Michael Utkin: Agtech is a rapidly growing industry but, as every agriculture-related industry, it is highly volatile and Agtech startups need to face many complex risks and barriers. 

 

One of the biggest problems is related to distribution. Farms are scattered around the world, many of them are located in remote areas. Delivering the products to the farmers can entail a very high distribution cost (usually it accounts for 3050% of the price of a product). Moreover, many startups experience difficulties to gain access to the distribution channels as they are taken up by big machinery producers. 

 

In addition to this, change happens slowly in agriculture. It has many reasons, one of them being the slow pace among farmers to adopt new technologies. The aging of the farming populations has been a serious problem for many years. In Europe, more than half of farmers are 55 years or older, belonging to a less tech-savvy generation. Startups also need to keep in mind that it takes time to establish trust among the customers. 

 

The availability of funds is limited, there isn’t a large number of investors who provide capital for the Agtech startups. When we decided to develop our FieldBee tractor navigation system, we received the necessary capital from farmers who believed in the product, rather than venture capitalists. 

 

Farmers, especially the owners of small and medium sized farms, are very price sensitive.
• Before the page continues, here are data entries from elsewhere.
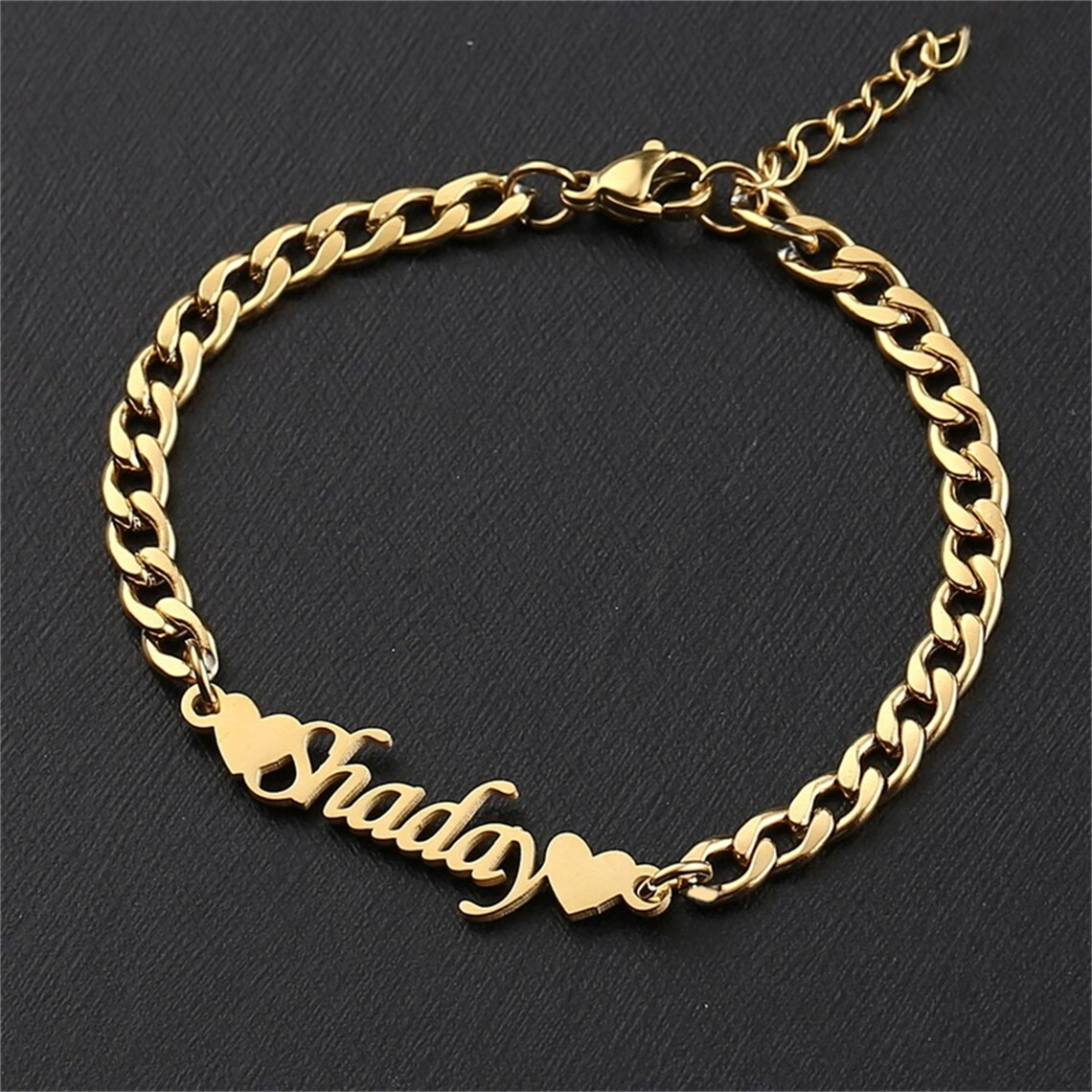 Cuban Chain Double Heart Personalized Custom Name Bangle Bracelet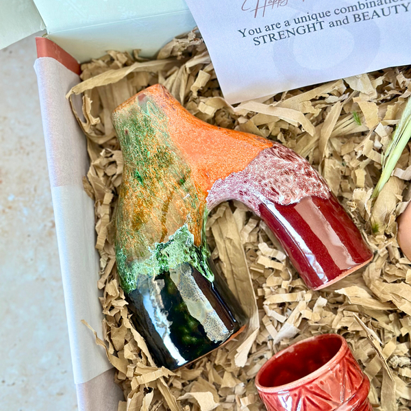 - 2 Burgundy Imprint Mugs: Handmade, these authentic mugs feature unique patterns in burgundy shades, ideal for enjoying your hot drinks in a warm atmosphere.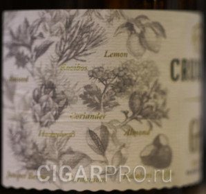 На этикетке слева,изображены растительные компоненты джина:можжевельник, кардамон, лимон, ройбуш, медовый куст(РОйбосс), анисовое семя, кориандр, миндаль и трюфели калахари.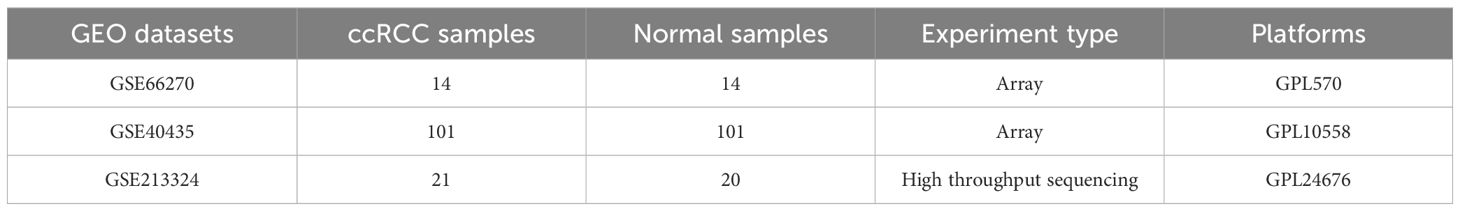 The mRNA expression data and clinical information were downloaded from The Cancer Genome Atlas (TCGA) database (https://www.cancer.gov/ccg/research/genome-sequencing/tcga) and Genotype-Tissue Expression (GTEx) database (15). The TCGA database includes ccRCC tissues from 531 patients and adjacent normal tissues from 72 cases, while the GTEx database includes RNAseq data from 28 normal tissues (16). The extracted data is presented in Transcripts Per Million (TPM) format. The proteomics data and immunohistochemical staining slides are derived from the Clinical Proteomic Tumor Analysis Consortium (CPTAC) database (17) and The Human Protein Atlas (HPA) database (https://www.proteinatlas.org/) (18). The gene amplification and mutation status of MGLL was obtained from the cBioPortal (http://www.cbioportal.org/) for Cancer Genomics (19). The GEPIA database (http://gepia.cancer-pku.cn/) (20), the UALCAN database (https://ualcan.path.uab.edu/index.html) (21) and the TCGA database were utilized for Kaplan-Meier survival curve analysis. The three independent validation datasets, comprising comprehensive gene expression profiles of both ccRCC and matched normal control samples, were systematically retrieved from the Gene Expression Omnibus (GEO) database (https://www.ncbi.nlm.nih.gov/geo/). The GSE66270 dataset contains mRNA microarray expression analysis data from 28 pairs of matched malignant and non-malignant kidney tissue samples from 14 ccRCC patients without diagnosed metastasis (22). The GSE40435 dataset comprises comprehensive whole-genome expression profiles derived from 101 paired samples of ccRCC tumors and their corresponding adjacent non-tumor kidney tissues (23). Additionally, the GSE213324 dataset contains high-throughput sequencing data obtained from 21 RCC samples and 20 normal kidney tissue specimens (24). Detailed information regarding these datasets is presented in Table 1.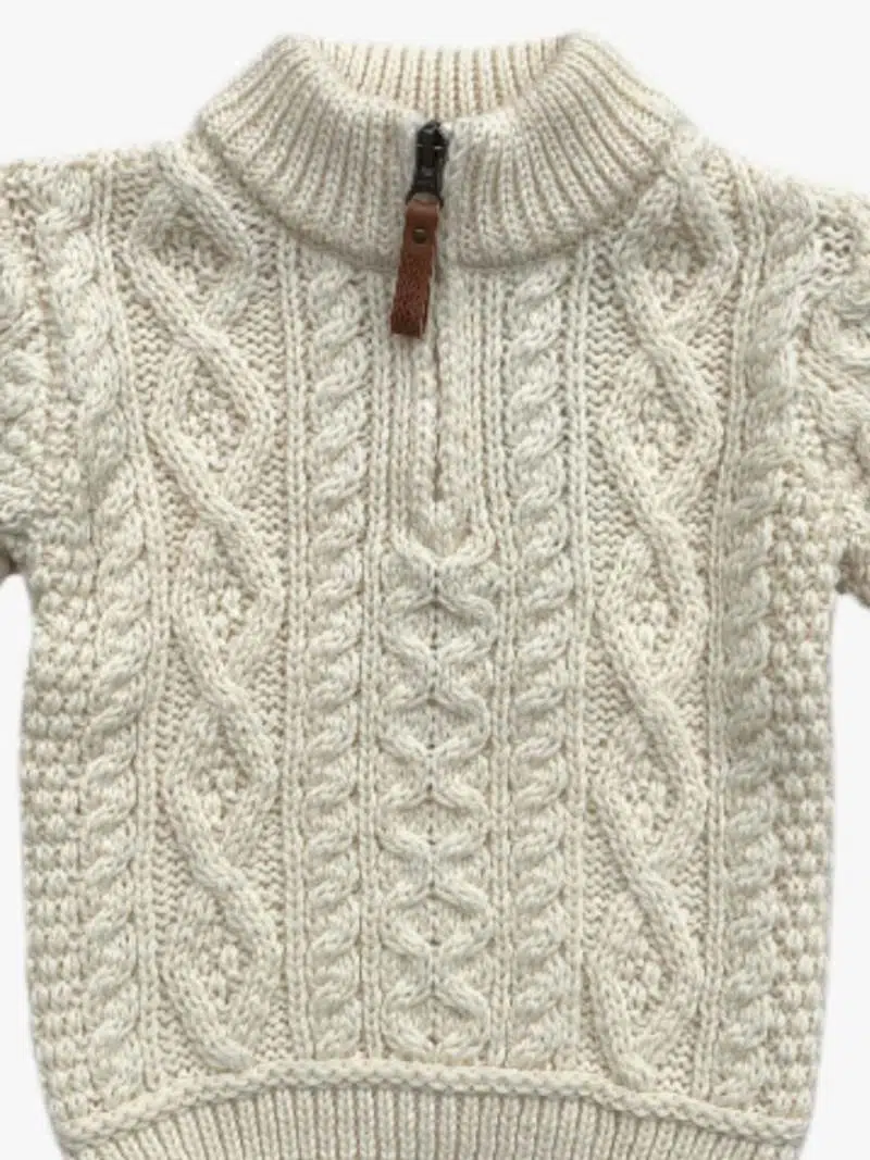 Confectionné avec soin par les artisans de West End Knitwear, ce pull reflète l’héritage irlandais, où chaque pièce est le fruit d’un savoir-faire transmis depuis plusieurs générations. En optant pour ce pull bébé à zip en laine mérinos couleur laine naturelle, vous choisissez un vêtement de qualité, doux, durable et conçu avec passion. Ce pull est le choix parfait pour garder votre bébé au chaud tout en lui offrant un style élégant et intemporel.

Sometimes it can take multiple seasons to see return on their investment and they cannot afford to have their money tied up for that long. 

 

Ofir Schlam: Finding a product that fits the market is a huge challenge, especially as you only get one shot at launching in the agriculture season, which once a year, as opposed to endless opportunities in other software industries, for example cyber companies. 

 

Secondly, the long sale cycle in agriculture is the opposite of the short life span of an early stage company.